Activity:
Below are some records. Quote exactly the lines from the one that contains "12月12日,福建宁德蕉城区" through the last, both included, and leave out the pictures.

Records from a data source
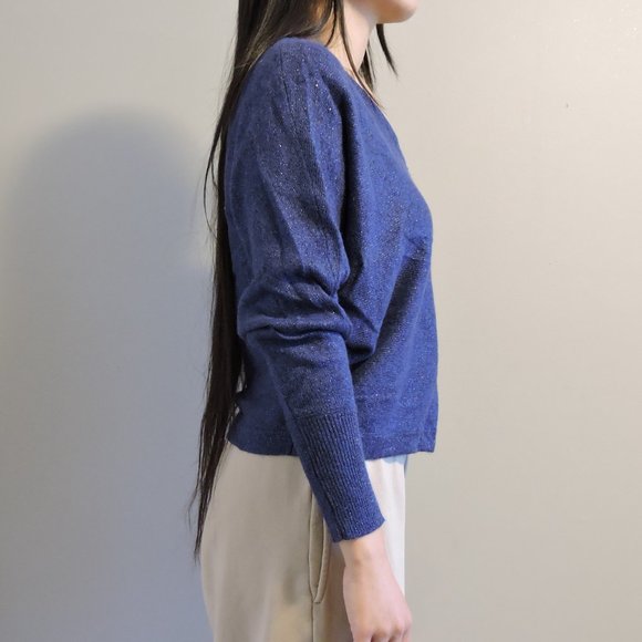 BCBGMaxAzria Soft Wool Cashmere Blue Sweater with Silver Metallic Sparkles
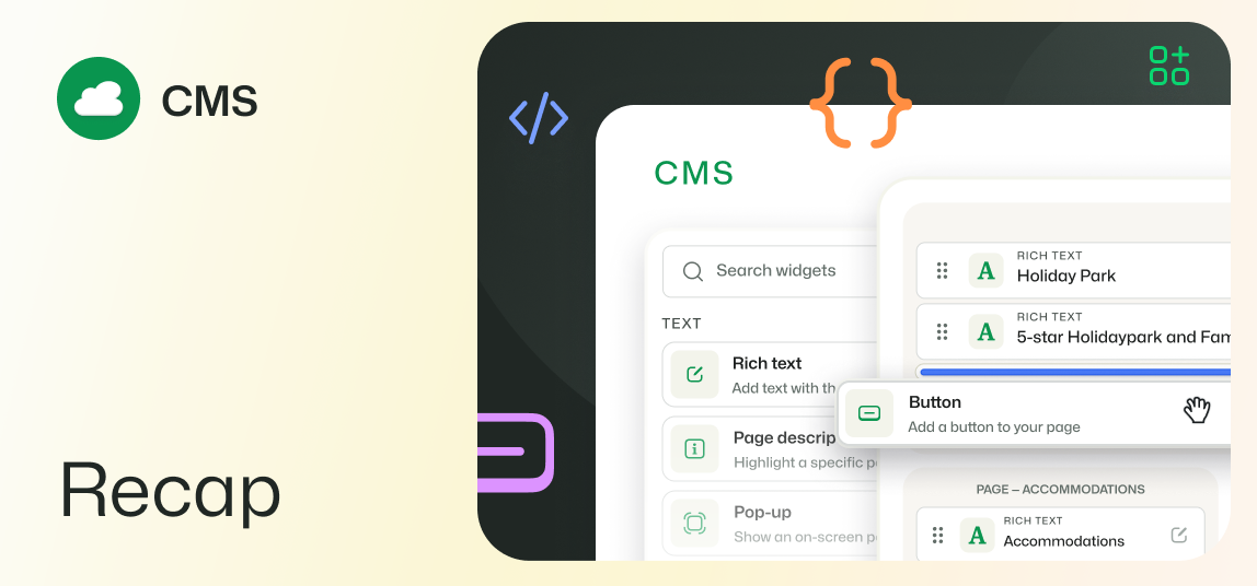 Das Erstellen von Seiten im CMS ist durch die Einführung von Live-Vorschauen für das Button-Widget jetzt schneller und intuitiver. Du kannst optische Änderungen an Farben, Labels und Stilen sofort während der Bearbeitung im Editor sehen. Das Speichern und manuelle Aufrufen einer Vorschau, um das Ergebnis zu prüfen, entfällt somit.
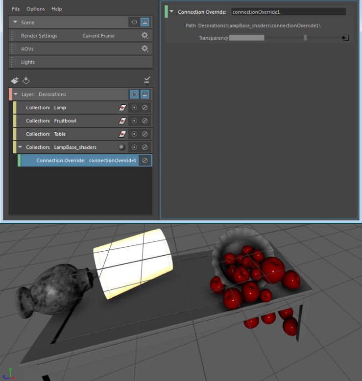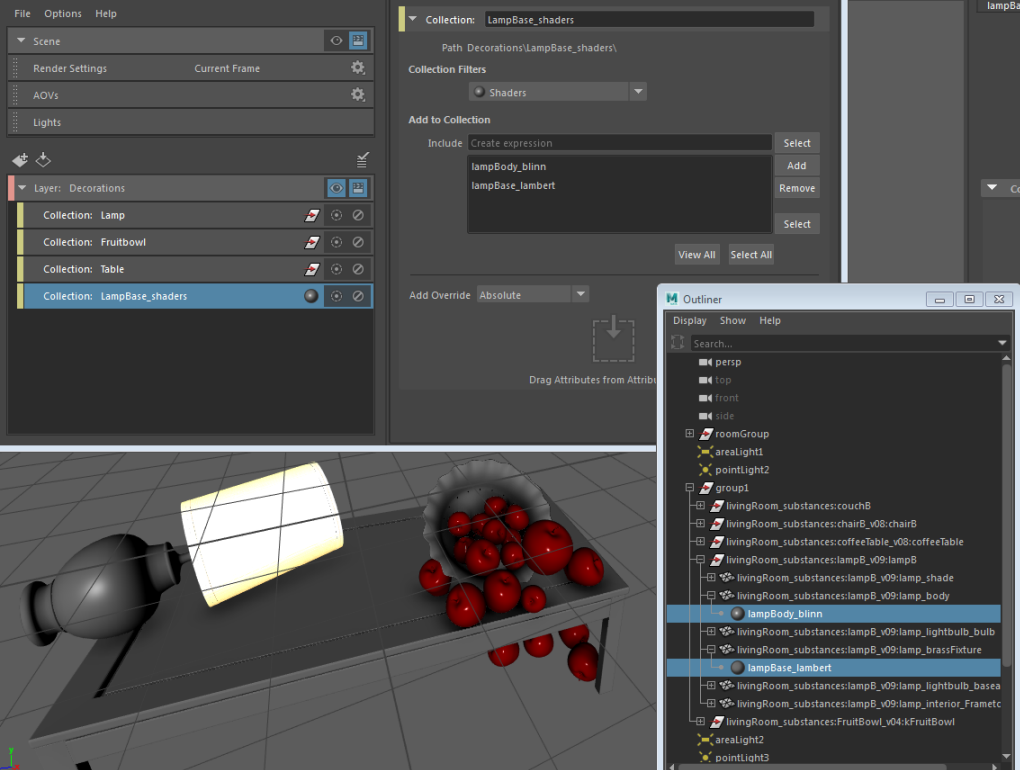 Connection overrides are applied to all shaders in the collection; for example, in this case: lampBody_blinn and lampBase_lambert in the LampBase_shaders collection. If the fruit bowl also had been assigned either the lampBody_blinn or lampBase_lambert shader, it would have the transparency override applied, even though the original intention may have been to override only the transparency of the lamp. It is therefore worthwhile to verify the shaders applied to the each object in your layer to avoid inadvertently overriding the shader of an object. To do this, select Display > Assigned Materials in the Outliner.
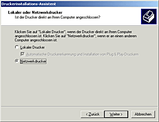 Wählen Sie Netzwerkdrucker und klicken Sie anschließend auf Weiter.
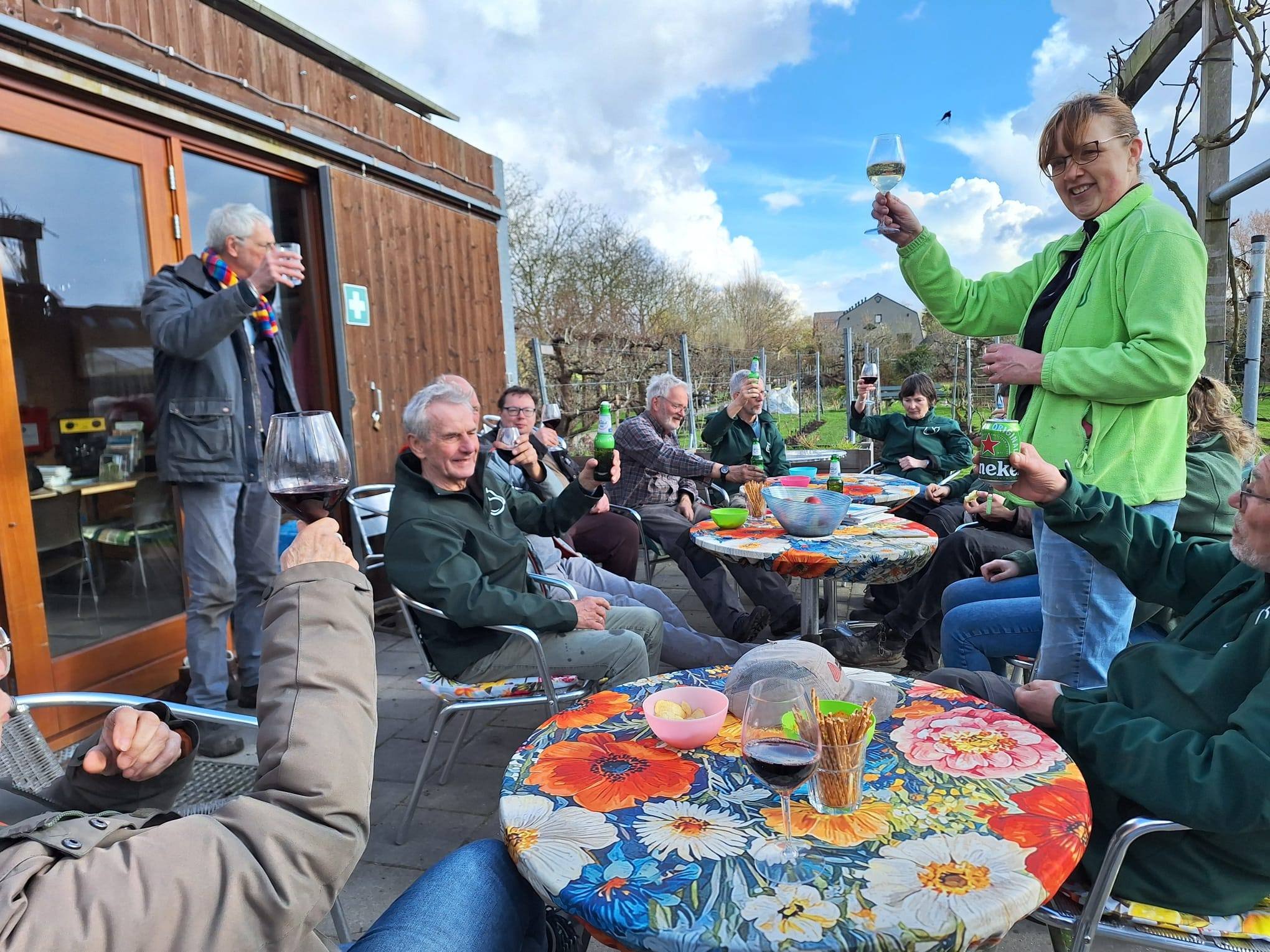 Wat hadden we geluk met het weer! Dankzij de hulp van vele vrijwilligers hebben we alle klussen kunnen klaren. De enorme berg compost (30 kuub!! ) is weg. We kregen hulp van de leerlingen van De Berkrode uit Berkel en Rodenrijs. Alle 600 perenbomen, het aardbeienveld, de kas de moestuin, de stiltetuin. De wijngaard, allemaal kregen ze een heerlijk vers kruiwagentje compost. Er gebeurde nog veel meer: zo kregen ook de kippen vers zand, een bloementuin werd aangelegd en het blotevoetenpad werd opgeknapt etc. En natuurlijk werden de harde werkers beloond met een heerlijke lunch!
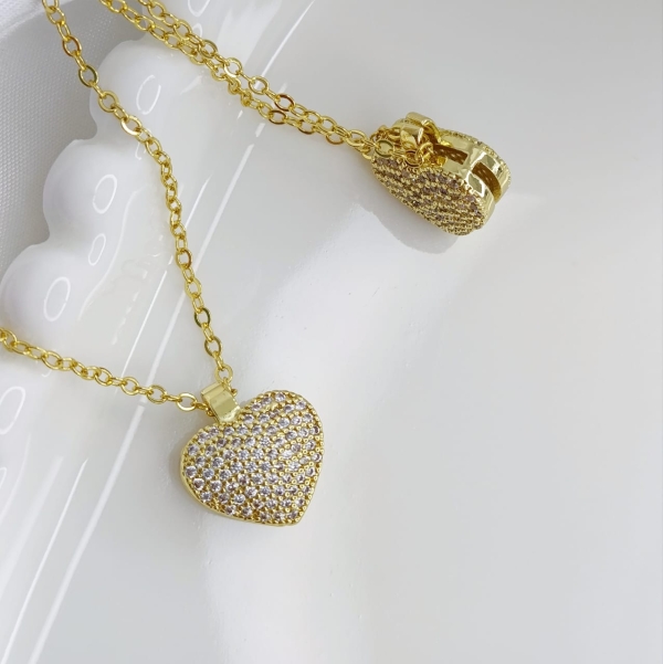 Colar feminina com pingente de coração 14mm cravejado com micro zirconias nos dois lados em banho de ouro 18k, antialérgico, garantindo resistência e brilho.
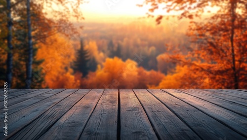 Vibrant autumn landscape with colorful foliage and a wooden deck at sunset near a forested area
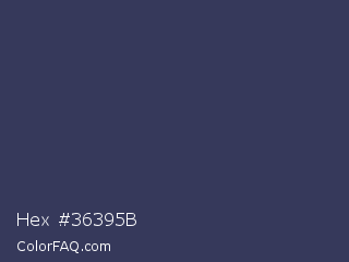 Hex #36395b Color is a dark blue color and the nearest color is Rhino #2e3f62. Hex code #36395b and RGB value is rgb(54,57,91). In RGB color space, this color is composed of 21% red, 22% green, 36% blue, In CMYK color space, this color is composed of 41% cyan, 37% magenta, 0% yellow , 64% black , In HSL color space, this color has a hue angle of 235° , 26% saturation and 28% lightness.
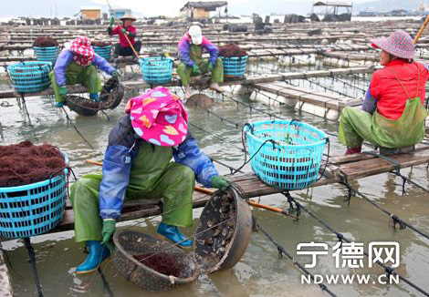 12月12日,福建宁德蕉城区三都澳海域,养殖户们正用龙须菜喂养鲍鱼。据悉,三都澳海域共养殖鲍鱼4万余筐,产值达10多亿元。鲍鱼的养殖也带动了当地龙须菜的养殖。鲍鱼、龙须菜养殖成了沿海农民主要收入来源之一。
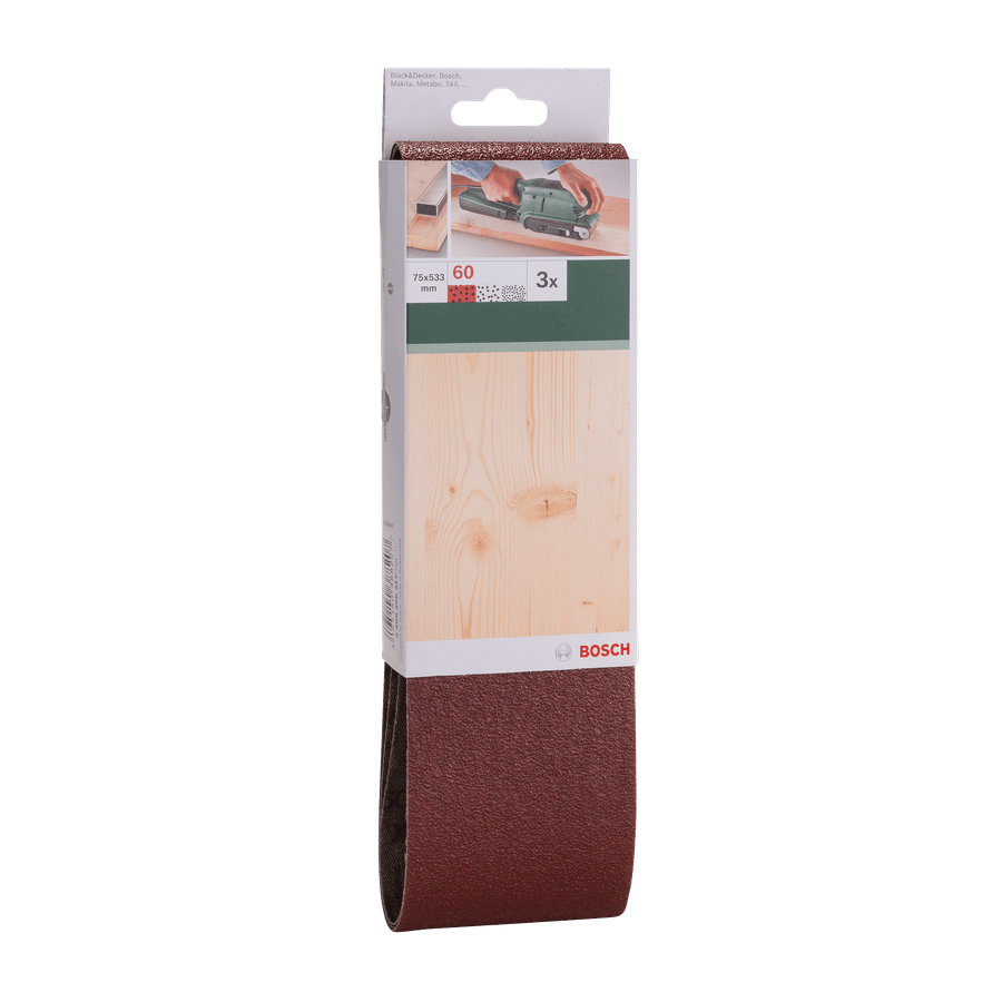 Bosch csiszolószalag. Nagy teljesítményű abrazív alapanyagból készült, amely hozzájárul a nagy anyageltávolítási sebességhez nagy felületeken. Rendkívül robusztus és tartós csiszolószalag kiváló minőségű szalagvarratokkal a hosszú élettartamért. Az antisztatikus szerkezetnek köszönhetően a szalag futása rendkívül pontos és tiszta, ami kiváló felületminőséget és pormentes csiszolószalagokat, munkadarabokat és szerszámgépeket eredményez. Mérete: 75 mm x 533 mm. Szemcseméret: 60.
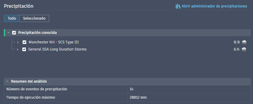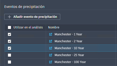 En la sección Precipitación, seleccione uno o varios conjuntos de precipitaciones para aplicar al sistema de drenaje.
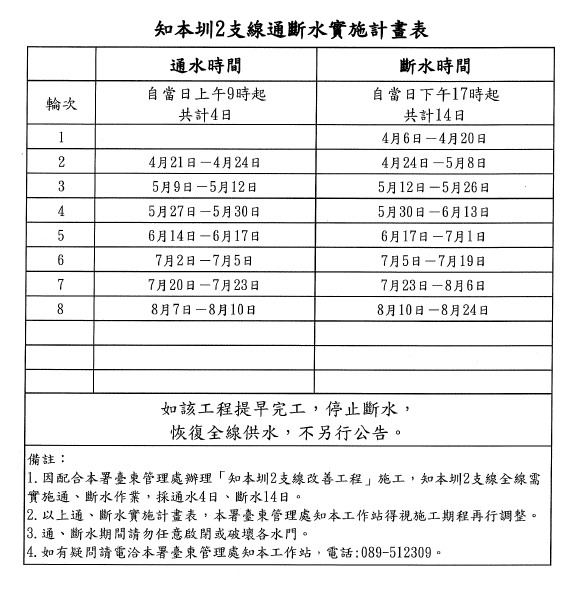 四、通、斷水期程本署臺東管理處知本工作站得視施工進度再行調整。

Solution for this task:
 12月12日,福建宁德蕉城区三都澳海域,养殖户们正用龙须菜喂养鲍鱼。据悉,三都澳海域共养殖鲍鱼4万余筐,产值达10多亿元。鲍鱼的养殖也带动了当地龙须菜的养殖。鲍鱼、龙须菜养殖成了沿海农民主要收入来源之一。
 Bosch csiszolószalag. Nagy teljesítményű abrazív alapanyagból készült, amely hozzájárul a nagy anyageltávolítási sebességhez nagy felületeken. Rendkívül robusztus és tartós csiszolószalag kiváló minőségű szalagvarratokkal a hosszú élettartamért. Az antisztatikus szerkezetnek köszönhetően a szalag futása rendkívül pontos és tiszta, ami kiváló felületminőséget és pormentes csiszolószalagokat, munkadarabokat és szerszámgépeket eredményez. Mérete: 75 mm x 533 mm. Szemcseméret: 60.
 En la sección Precipitación, seleccione uno o varios conjuntos de precipitaciones para aplicar al sistema de drenaje.
 四、通、斷水期程本署臺東管理處知本工作站得視施工進度再行調整。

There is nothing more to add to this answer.